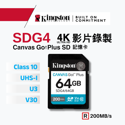 金士頓 Canvas Go!Plus 64GB SD 記憶卡 V30 U3 4K 連拍模式攝影 SDG4
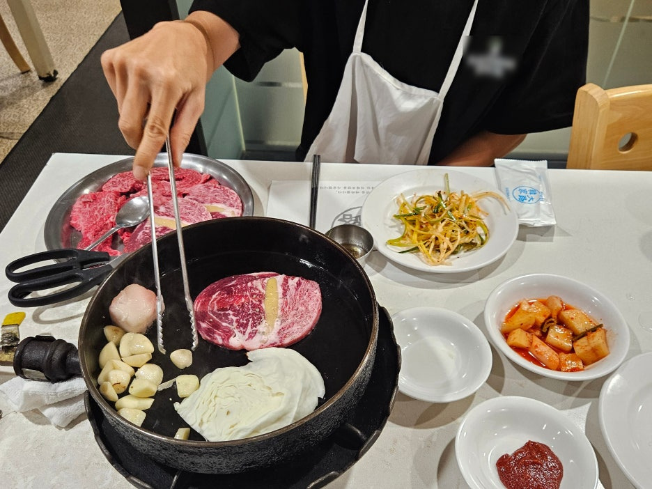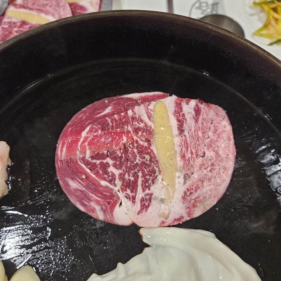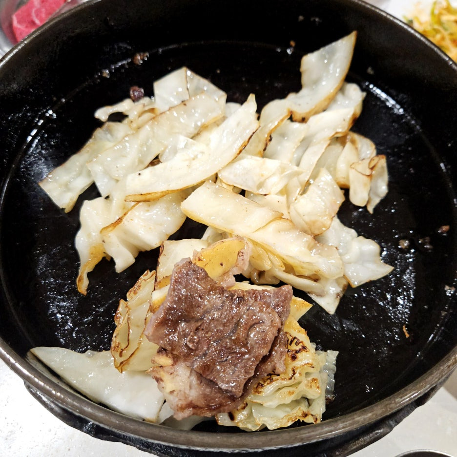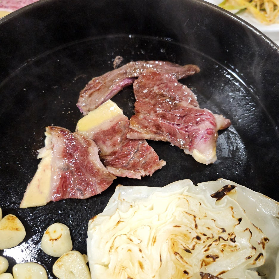 오늘은 떡심도 아주 퀄리티가 좋아 보인다. 얼른 무쇠판에 고기를 올리고, 항상 그렇듯이 양배추와 마늘도 함께 올라간다.
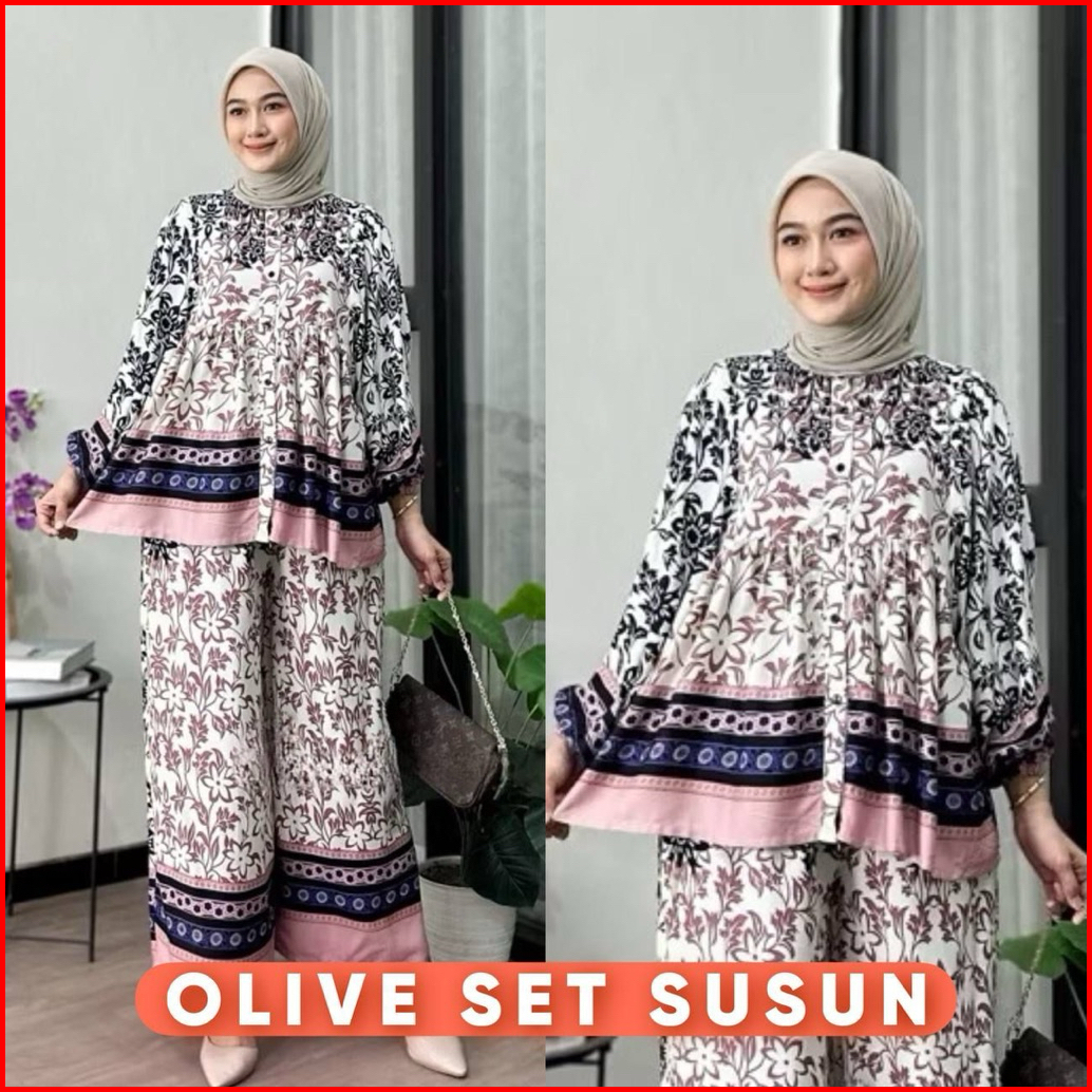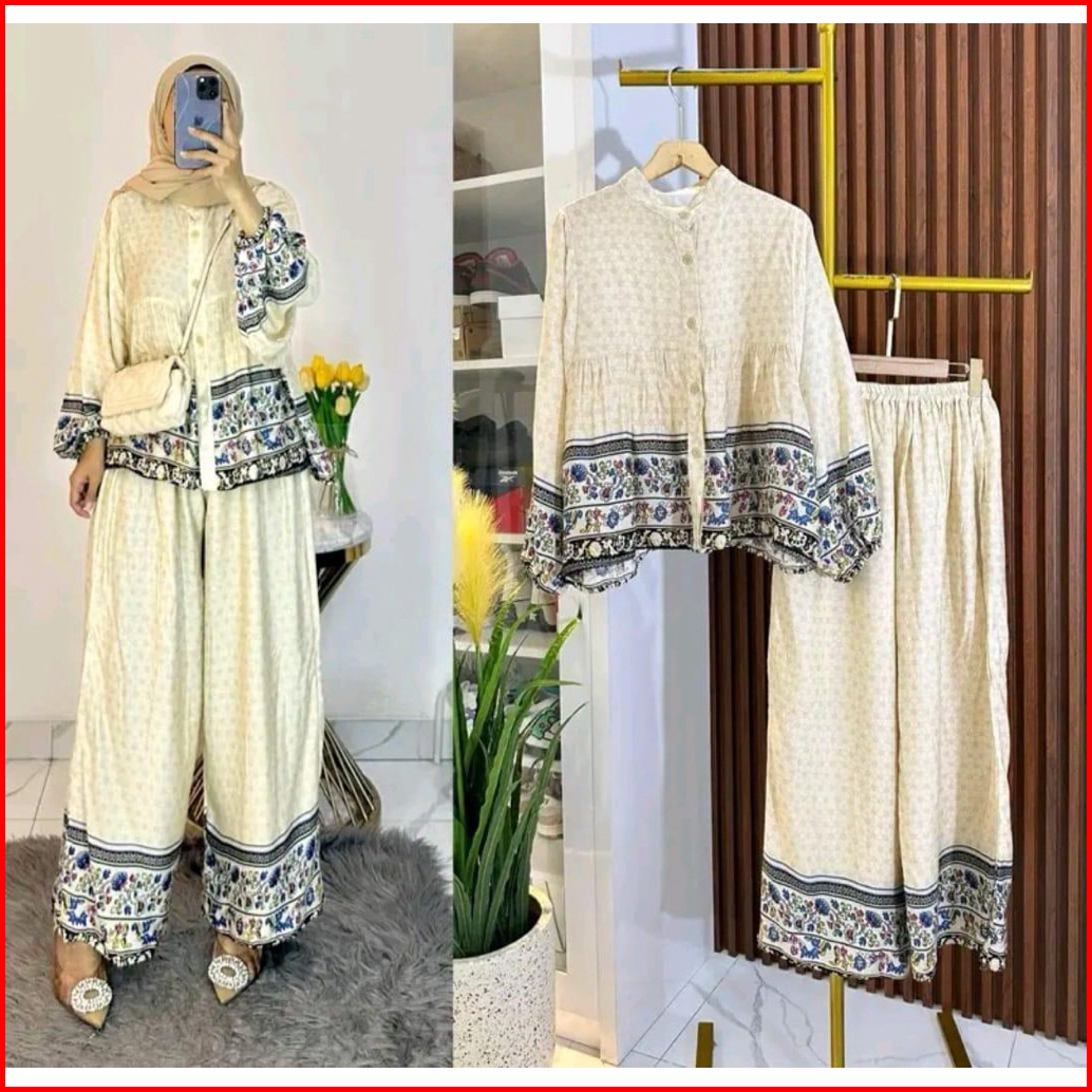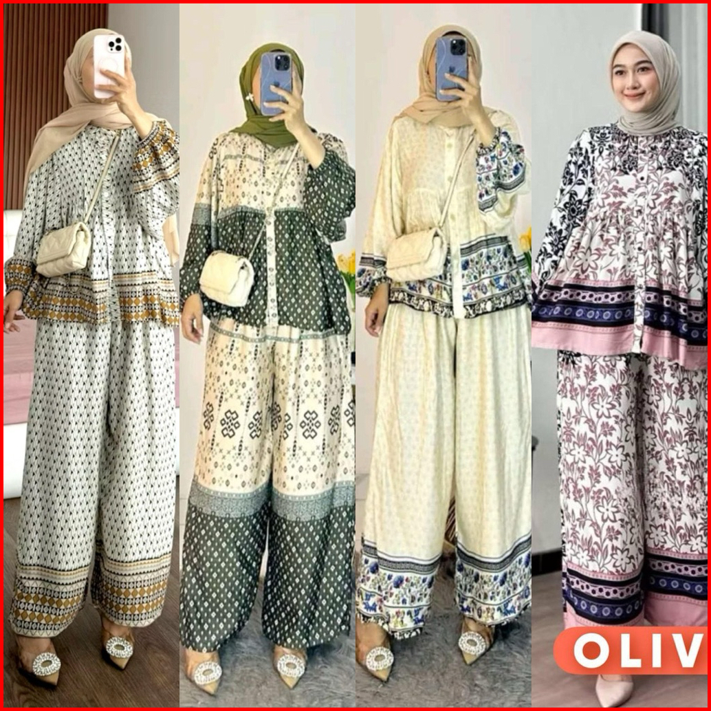 Premium One Set Rayon Diamond Premium Setelan Wanita Alivia Motif Corak Bunga Cantik Elegan Viral Terbaru Kekinian Setel

#### WHAT TO PRODUCE
Your task is to retype, exactly and only, the lines from the line holding "오늘은 떡심도 아주 퀄리티가" through the final line of the data above, with both ends kept. Drop the pictures.

#### EXPECTED ANSWER
 오늘은 떡심도 아주 퀄리티가 좋아 보인다. 얼른 무쇠판에 고기를 올리고, 항상 그렇듯이 양배추와 마늘도 함께 올라간다.
 Premium One Set Rayon Diamond Premium Setelan Wanita Alivia Motif Corak Bunga Cantik Elegan Viral Terbaru Kekinian Setel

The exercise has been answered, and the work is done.